Missing RNA Families in JSON Files

[Rungetf]

Hi,

Could please you add the RNA families to the JSON files?

This would be a helpful information to split a validation set.

Thanks in advance!

[marcellszi]

Hi @Rungetf,

I haven't really considered adding the families to the JSON files, since the Tabular API can already be used to parse the Infernal homology search for the chains.

What do you mean by splitting a validation set? Is your goal to end up with structurally non-redundant training, testing and validation sets, instead of just the training and testing sets provided by RNA3DB's release? If so, there is no need to manually look at the families. The graph components can be used for this out of the box.

You can take components from cluster.json from rna3db-jsons.tar.gz (see Releases) and assign each of them to any one of the sets without risking data leakage.

[Rungetf]

Hi @marcellszi,

First thanks for the fast reply!

Yes, I wanted to keep the exact test set from the release (for reproducibility reasons) but split a validation set from the training data for hyperparameter optimization.

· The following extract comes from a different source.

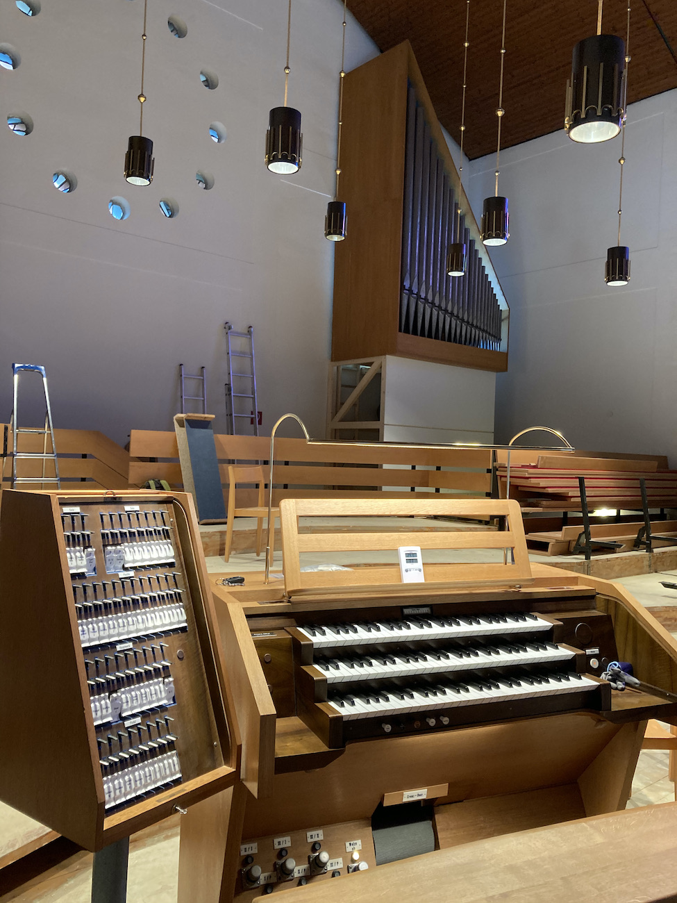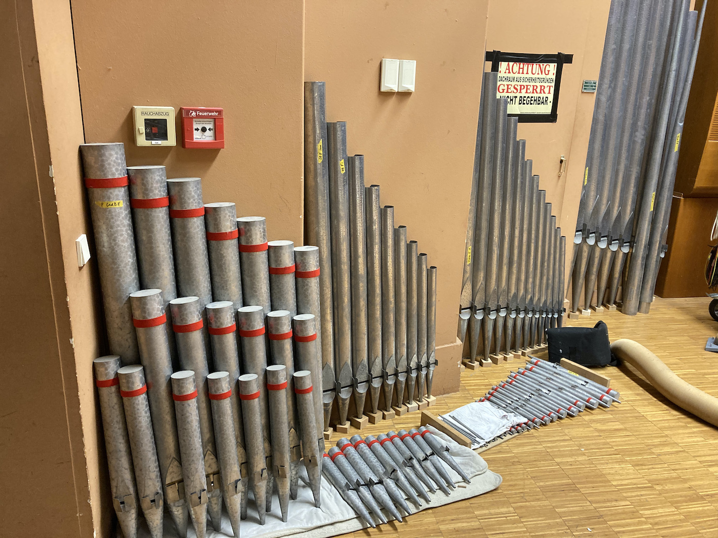 Aufgrund der neuen Aufstellung mit Untergehäusen anstatt auf Stahlträgern ist die bislang sehr umständliche, bzw. beengte Wartungsmöglichkeit erleichtert worden. Die früher in einem Nebenraum und hinter Wandverkleidungen platzierte Windversorgung ist ebenfalls in den neuen Unterbauten zu stehen gekommen. Vom dritten Manual ist ein aus optischen Gründen hinter dem Gehäuse des Hauptwerks unsichtbar platziertes Solowerk mit drei vielseitig einsetzbaren Registern anspielbar. Alle Register dieses Werks sind bis in die Kontraoktave ausgebaut. D.h. bei Nutzung der 16'-Koppel ist der Umfang bis CC vollständig ausgebaut. Die bestehende neobarocke Intonation wurde bis auf die leichte Verstärkung der im Raum akustisch benachteiligten tiefen Frequenzen übernommen, sodass viele Register ihre charakteristischen, geradezu perkussiven Ansprachegeräusche d.h. z.B. spuckende Prinzipale und Gedeckte behalten haben. In der besonders die hohen Frequenzen bevorzugenden Akustik der Kirche entwickelt die Orgel eine überraschende Klangkraft und Verschmelzungsfähigkeit, wie sie im akustisch stark abgedämpfen Baden-Badener Studio bislang nicht zur Geltung kam. Die Orgelweihe fand am 2.10.2021 statt.

I first considered using the components for the split (which would make sense in terms of homologies) but there are only few components in the training set and most of the sequences seem to be assigned to component_1. So, splitting by components does not seem to be the best way to get a validation set of reasonable size.

Since splitting by clusters does not make sense due to homologies, I wanted to at least consider the families for splitting.

I think the tabular API is great and actually I ended up using it, but it would have been nice to have all the information at one point.

However, since you mention in the paper that RNA3DB is specifically designed for training deep learning methods, it might be a good idea to think about splitting a validation set by components for the next release ;-) .

[marcellszi]

Hi again @Rungetf,

Sorry about taking so long to respond, and thanks again for showing interest in RNA3DB.

I would strongly caution against just splitting by families. The point of RNA3DB components is precisely to avoid the issues caused by naively dividing the families between sets. There are, for example, many Rfam families that share homology. You can see our manuscript for more details.

So, splitting by components does not seem to be the best way to get a validation set of reasonable size.

There are 217 sequences outside of component_1 in the training set. This is roughly 13% of the entire data set. I figured this should be enough.

How much of the entire dataset would you like? Something like 20%? You could probably achieve that by picking a more stringent E-value threshold, which would result in more components. Although note that this will increase the chance of data leakage.

If you wanted to avoid changing the test set, you could even re-build the graph with RNA3DB for just the training set at the lower threshold. This way you may marginally increase the chance of data leakage between the validation and training sets, but not between the training/validation and test sets.

However, since you mention in the paper that RNA3DB is specifically designed for training deep learning methods, it might be a good idea to think about splitting a validation set by components for the next release ;-) .

I agree that being able to also create validation sets out-of-the-box is a good idea. I will include it in the next release (coming very soon).

[Rungetf]

Hi @marcellszi,

I completely agree that splitting by families only is suboptimal.

However, with the limited amount of training data there is a strong trade-off between keeping as much training components as possible and getting the best signal for non-homologous samples during HPO. Taking a lot of components from the training set (it's not mainly about the number of sequences, more about the components) strongly reduces the diversity of training samples, so for now, I would still go for splitting by families for the validation set, hoping to at least get some signal. Also, data leakage between validation and training set is less of an issue as long as the validation set is non-homologous with the test set.

That said, I very much appreciate that you consider building a validation set for the next release!

Actually, I would probably rather reduce the size of the test set a bit in favor of a validation set instead of taking components from train to keep as much training data as possible, but that's my personal opinion of course.